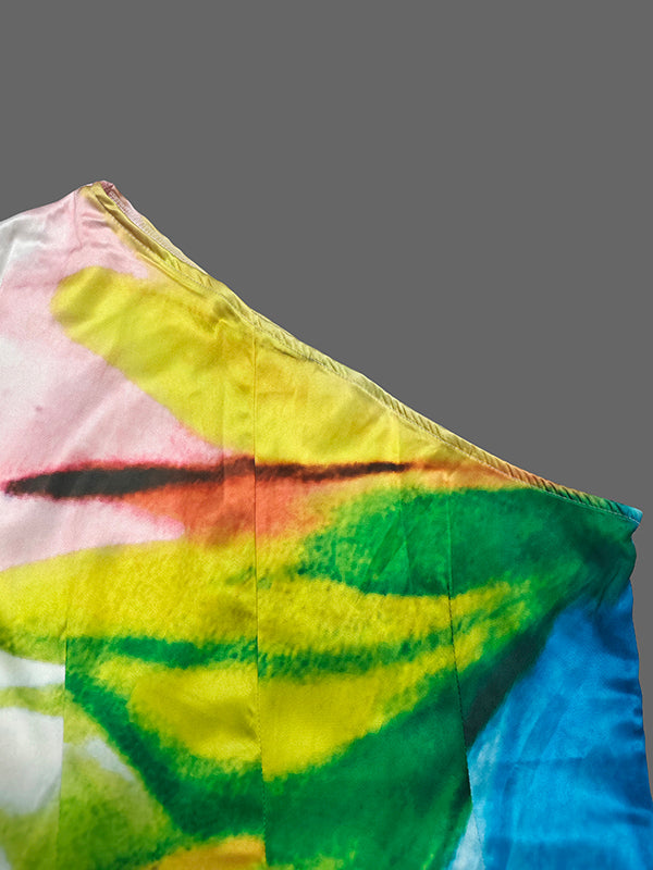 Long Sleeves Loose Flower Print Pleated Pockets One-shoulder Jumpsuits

--

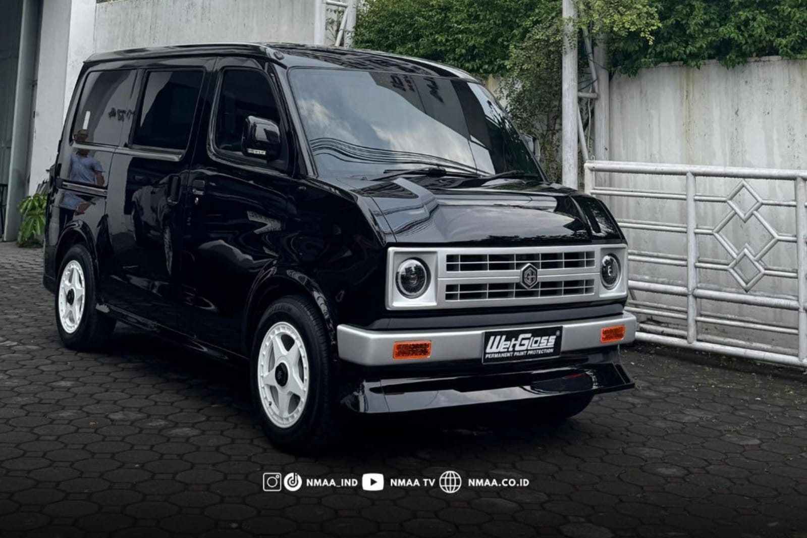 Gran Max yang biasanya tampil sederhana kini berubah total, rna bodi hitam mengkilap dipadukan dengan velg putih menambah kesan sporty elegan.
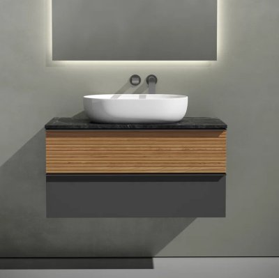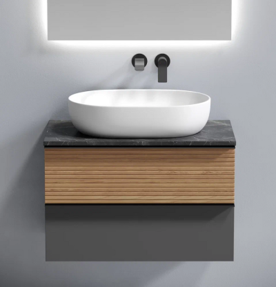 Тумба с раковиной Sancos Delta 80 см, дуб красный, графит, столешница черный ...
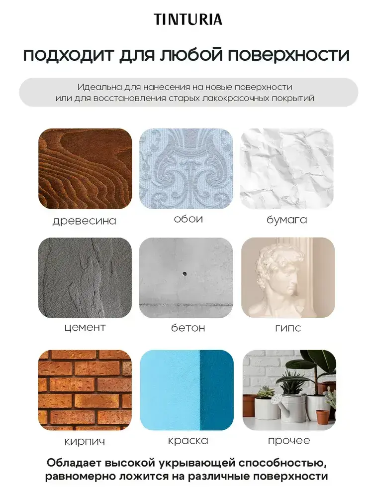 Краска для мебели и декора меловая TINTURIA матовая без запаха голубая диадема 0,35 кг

Problem details => From the listing above, restate verbatim the lines running from the one with "Gran Max yang" through the one with "Краска для мебели", inclusive, but not the pictures.

Output =>
 Gran Max yang biasanya tampil sederhana kini berubah total, rna bodi hitam mengkilap dipadukan dengan velg putih menambah kesan sporty elegan.
 Тумба с раковиной Sancos Delta 80 см, дуб красный, графит, столешница черный ...
 Краска для мебели и декора меловая TINTURIA матовая без запаха голубая диадема 0,35 кг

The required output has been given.